I'm still unsure whether it is correct to regard the new regime as de facto inflation-targeting, as many Fed-watchers are suggesting. The case for this interpretation is that (a) the Fed is now publishing three-year-ahead inflation forecasts; (b) these forecasts are conditioned on "appropriate monetary policy"; and (c) three years is long enough for "appropriate monetary policy" to get inflation to the desired rate. But there are a couple of complications. One is that the Fed publishes a range of inflation forecasts, encompassing the individual projections of FOMC members. For 2010 the range is 1.5 percent to 2 percent. But this does not quite mean that the FOMC collectively regards a range of 1.5-2.0 as appropriate. Even assuming that all the members agree with (c), which they may not, it means that at least one member thinks a rate of 1.5 percent is appropriate in 2010 under expected circumstances whereas at least one other thinks that a rate of 2.0 percent is appropriate.

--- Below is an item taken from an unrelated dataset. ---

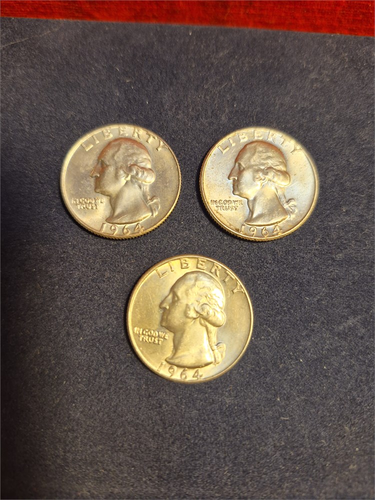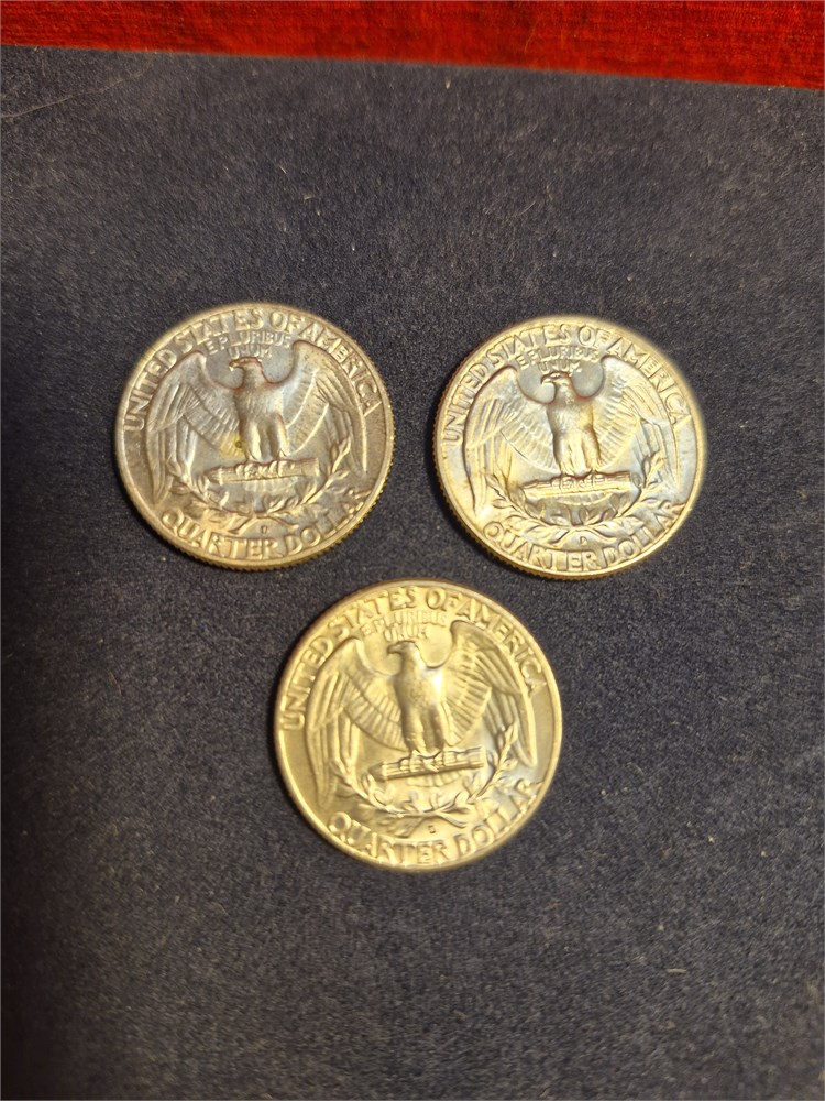 3 1964 D Washington Silver Quarters. Quarters are is nice condition.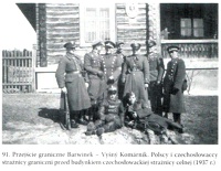1939 , Przejście graniczne Barwinek-Vyšný Komárnik. Polscy i czechosłowaccy strażnicy graniczni przed budynkiem czechosłowackiej strażnicy celnejSkomentuj zdjęcie

Well, since the range is narrow, one could overlook this--especially if the spread continues to be just half a point in future. We will see about that. But I would still hesitate to call this even a de facto inflation-target regime. The big thing that is missing is accountability. There is no real pressure on the Fed to hit its supposed "target". When the Bank of England overshoots its inflation target, it has to explain itself, and it cannot tell the Treasury, "Well, it was only a forecast." If inflation in 2010 is less than 1.5 percent or more than 2.0 percent, I'm willing to bet that that is exactly what the Fed will say. Unless, of course Bernanke tweaks the rules again in the meantime.